Biomechanical effects of bone-implant fitness and screw breakage on the stability and stress performance of the nonstemmed hip system

Abstract Background Some nonstemmed hip systems have been developed to avoid stress shielding and aseptic loosening, which are major drawbacks of stemmed hip arthroplasty. Without the stem, the cup over the femoral head can be stabilized by anatomic fitness of the cup interior and mechanical fixation of the auxiliary screws. Methods Using finite-element method, neck-shaped systems with two bone-cup fitness situations and four types of screw breakages are systematically investigated to evaluate their biomechanical effects on construct performances. The construct stresses and interfacial micromotion were chosen for comparison between two bone-cup fitness situations and four types of screw breakages.
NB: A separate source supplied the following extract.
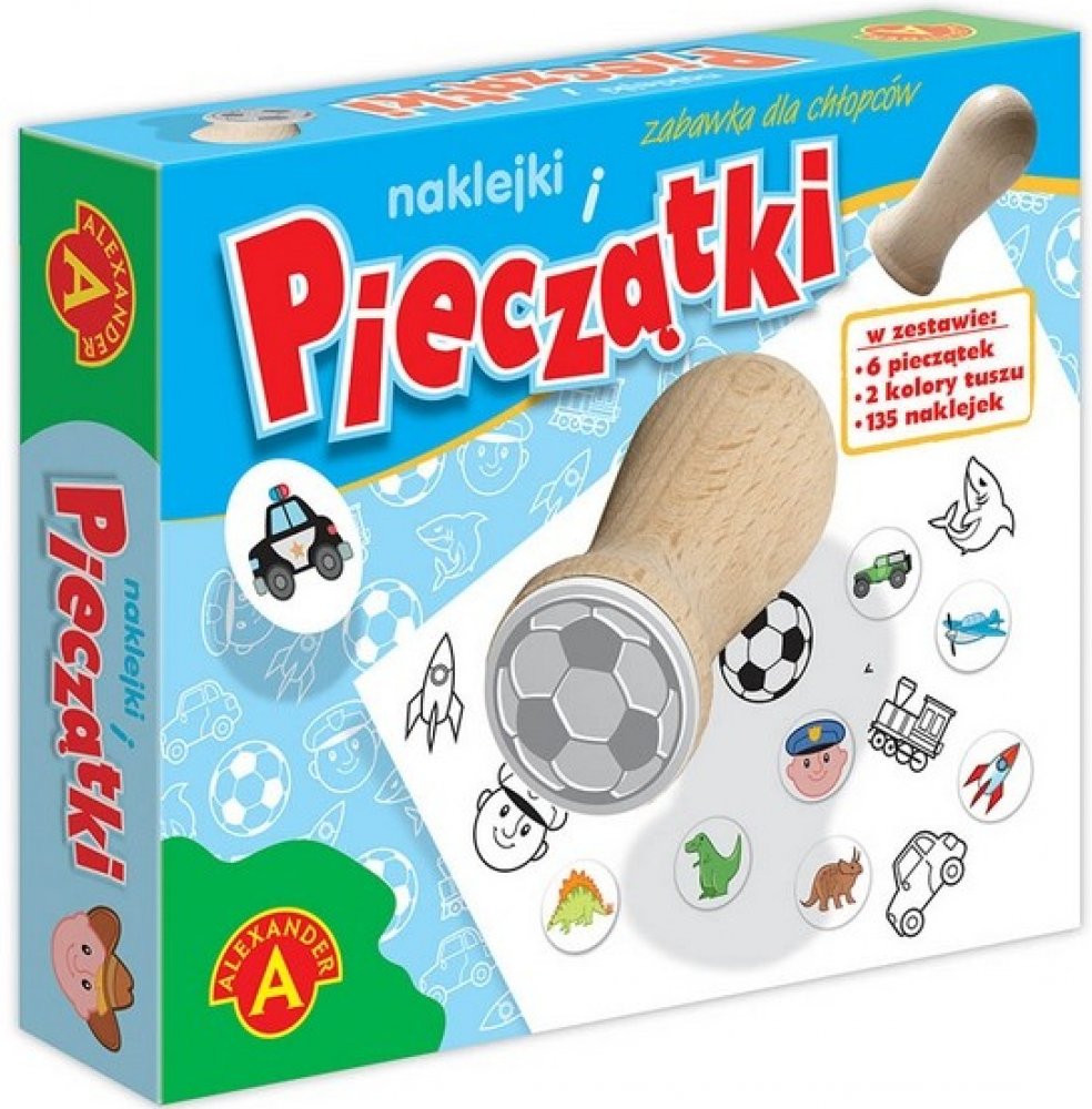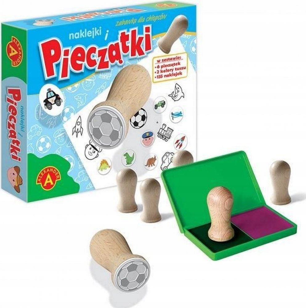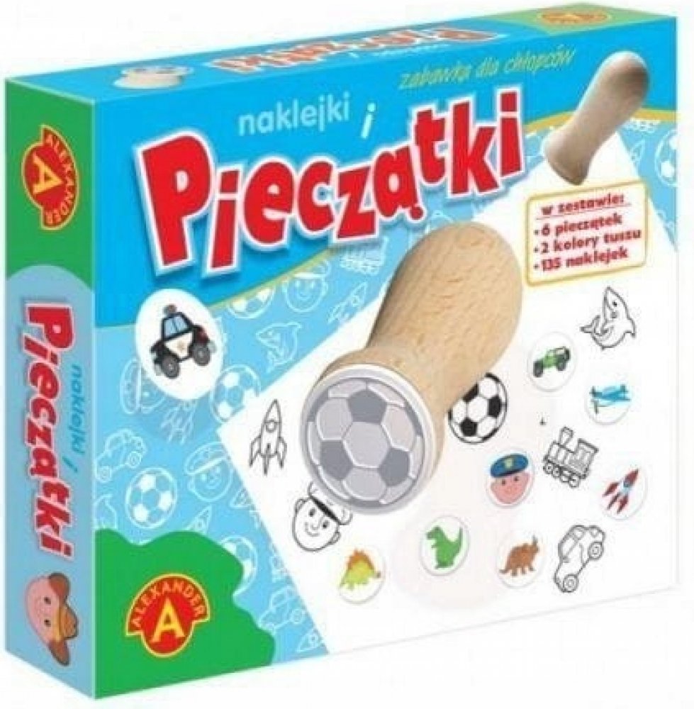 Kreativní sada pro děti skládající se ze 6 razítek s oblíbenými motivy chlapců (míč, policista, autíčko, raketa, vlak, žralok), která lze odrážet na kartě černým a červeným inkoustem z polštářků umístěných ve speciální plastové krabičce. Odražené tvary lze vybarvovat pastelkami nebo jimi navíc zdobit své kresby. 135 barevných samolepek zpestřuje zábavu. Všechny prvky jsou umístěny v elegantním, funkčním lisu. 100% polský výrobek vyráběný výhradně v továrně Alexandra.

Findings The screw breakage deteriorates the stresses of the mating screw and the neck cup and loosens the bone-cup interfaces. The breakages of central and locking screws decrease the bone stress by about 43.2% and 12.7%, respectively. This indicates that the central screw is a more effective load-bearer for the superimposed cup than the locking screw. As compared with the fitting cup, the stress of cup and the bone stresses of the unfitting cup obviously increase. This demonstrates that the load-transferring path at the cup bottom is important in directly relieving the prosthetic stresses. Interpretation Any screw design inducing stress concentration should be validated to avoid screw breakage. Comparatively, surgical unfitness has a more significant effect on the construct performance than does the screw breakage. Even for custom-made cups, cautious preparation of the neck resection is still necessary to ensure intimate bone-cup contact.